Il primo aspetto del sonetto da mettere in evidenza è la sua natura proemiale. Voi ch’ascoltate…, in quanto testo d’apertura del Canzoniere, svolge la funzione di “proemio” dell’opera, ossia funge da “premessa” in cui il poeta enuncia, a titolo introduttivo, le caratteristiche essenziali della raccolta e delle poesie che la compongono.
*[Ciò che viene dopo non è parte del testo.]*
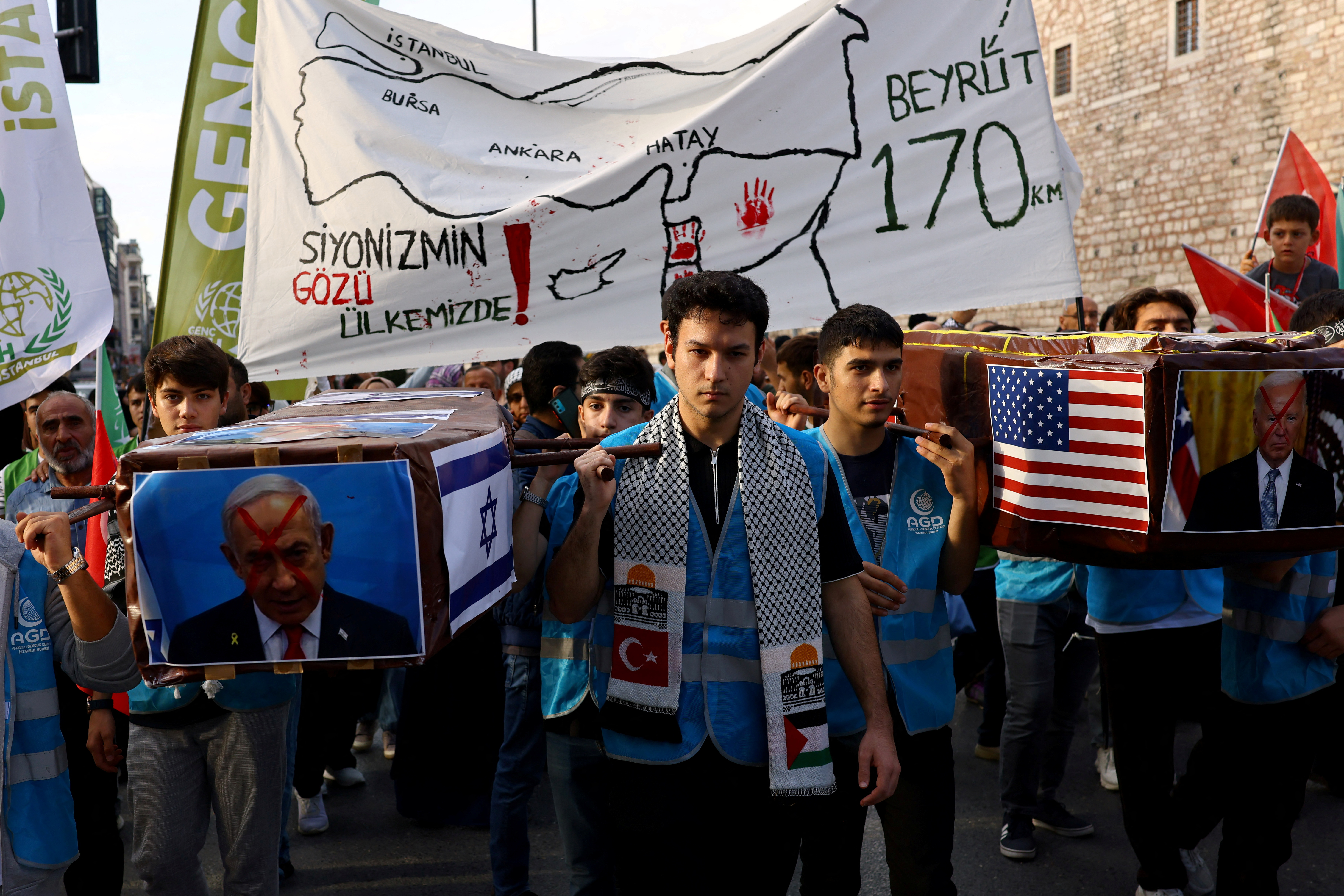 Σε πολλές πόλεις της Τουρκίας, συμπεριλαμβανομένης της Κωνσταντινούπολης και της Άγκυρας, γίνονται διαδηλώσιες για την επέτειο της 7ης Οκτωβρίου, προς υποστήριξη της Χαμάς, ενώ οι διαδηλωτές καίνε σημαίες του Ισραήλ αλλά και των ΗΠΑ.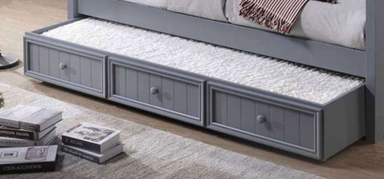 - Beadboard style under-bed drawers and XL twin trundle are available under options

Leggendo con attenzione il testo, si può notare che il poeta:

1. Dichiara l’argomento dell’opera

Affermando che si tratterà della descrizione dei tormenti scaturiti da un amore risalente agli anni giovanili (v. 1: … di quei sospiri ond’io nudriva’l core…);

2. Dichiara lo stile dell’opera

Anticipando che esso sarà frammentario e vario , come diretta conseguenza della molteplicità degli stati d’animo determinati dall’amore (il poeta parla infatti di rime sparse al v. 1, e di vario stile al v. 4);

3. Indica quali sono i destinatari dell’opera

Indirizzandosi all’ideale comunità di lettori capaci di approcciare con la necessaria indulgenza, tanto la delicata esperienza di un amore giovanile, quanto la frammentarietà e varietà stilistica dell’opera che ne è scaturita (dice al v. 7: ove sia chi per prova intenda…);

4. Suggerisce il senso della raccolta

Spiegando che essa va interpretata come il documento di una fase interiore appartenente al passato, e ormai conclusa e distante (vv. 3 – 4: in sul mio primo giovenile errore, quand’era in parte altr’uom …);

5. Suggerisce la propria prospettiva sulla raccolta

Lasciando intendere una netta presa di distanze dalla leggerezza e dalla debolezza dimostrate di fronte all’amore, come si vede dall’atteggiamento esibito, che è:

– Di “modestia” per la poesia (il poeta si richiama al topos dell’appello all’indulgenza del pubblico > Spero trovar pietà… v. 8);

– Di “rammarico” per la condotta (il poeta si mostra pentito e dichiara apertamente la poca virilità e l’inconsistenza morale della sua fase giovanile> egli chiama l’amore “errore”  al v. 3, parla di “vane speranze e van dolore” al v. 6).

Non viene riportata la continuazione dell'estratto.